Third, can we get it for people? Even if we can develop an effective vaccine that provides the primary safety record, would we be able to get it for humans? Vaccine production is not easy. Failure or contamination can occur even in experienced pharmaceutical companies – and not all companies producing new vaccines are experienced.

And even if an effective, apparently safe vaccine is produced in large quantities, it will be difficult to distribute it quickly and correctly, store and ship it at the right temperature, educate doctors and inform communities, and monitor uptake and potential adverse effects. . The protection provided by even a very effective vaccine is as good as our supply systems. The measles vaccine is more than 90 percent effective, but the World Health Organization reports that more than 140,000 children worldwide died of the disease last year, most of them in low-vaccination communities.


Especially in this election season, the process of evaluating vaccines must be scientifically rigorous and open.

The biggest challenge to getting enough people with Covid-19 will not be scientific, technical or logistical; this will result from mistrust. Especially in this election season, the process of evaluating vaccines must be scientifically rigorous and open. Public confidence can be destroyed by high profit margins of vaccine manufacturers, a lack of transparency about production costs and prices, despite the fact that many vaccines benefit greatly from publicly funded research. Open meetings of the main advisory committees of the Food and Drug Administration and the Centers for Disease Control and Prevention will be required.
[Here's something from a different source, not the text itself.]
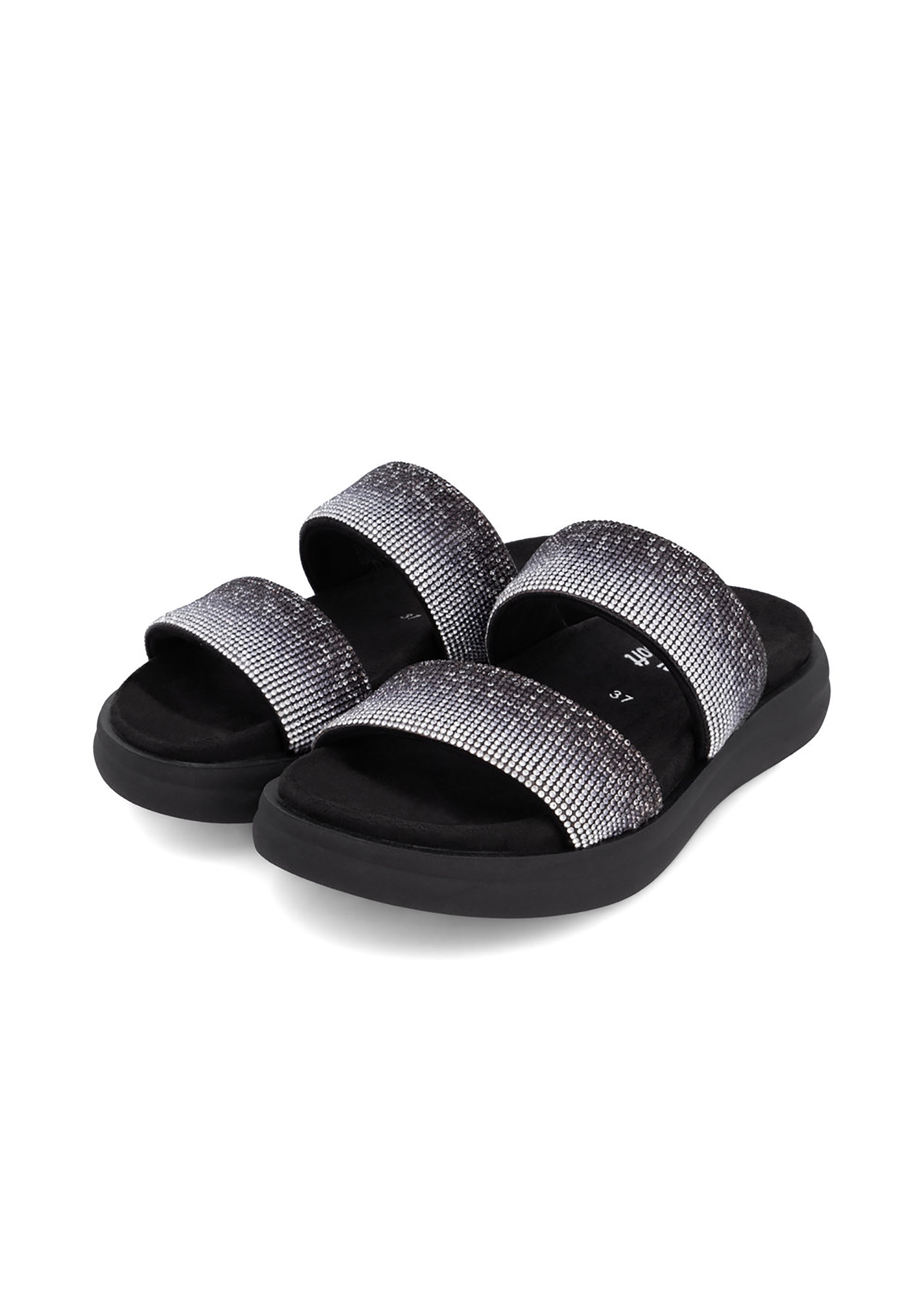 Pistokassandaalit - musta, glitterremmit, vegaaninen

We must communicate with American society in a way that was not done during this pandemic. We do not have enough tests, so we need to set priorities. There are not enough protective equipment for healthcare workers, so we should produce safe reusable95 masks. And when we get vaccines, we won’t have enough of them for everyone. Different vaccines may be available at different times, and some are likely to work better than others. Governments will need to prioritize between different groups, taking into account factors such as the risk of severe Covid-19 disease, protection of key functions, and equity. For example, staff working in prisons, nursing homes and hospitals, blacks and Spaniards are more prone to the effects of the virus and have health problems that make them particularly vulnerable.

In addition, vaccines will not provide perfect protection and are unlikely to eradicate a pandemic. In our connected world, a truly global vaccination campaign will be essential to America’s long-term health and economic recovery.

Even in the U.S., unless the vaccine is particularly effective and acceptable, cases and groups will continue, necessitating rapid, effective public health responses. Our society will still have to adapt to limit the spread of the virus – it will reduce close contact indoors, hold on to hand clicks, wear masks and improve ventilation. And unless the vaccine is surprisingly strong or we find very effective treatments, my 91-year-old mom will soon return to her beloved choir practices.

Deploying the Covid-19 vaccine is the most important thing we can do to restore order and normalcy in our world. We cannot afford to make mistakes.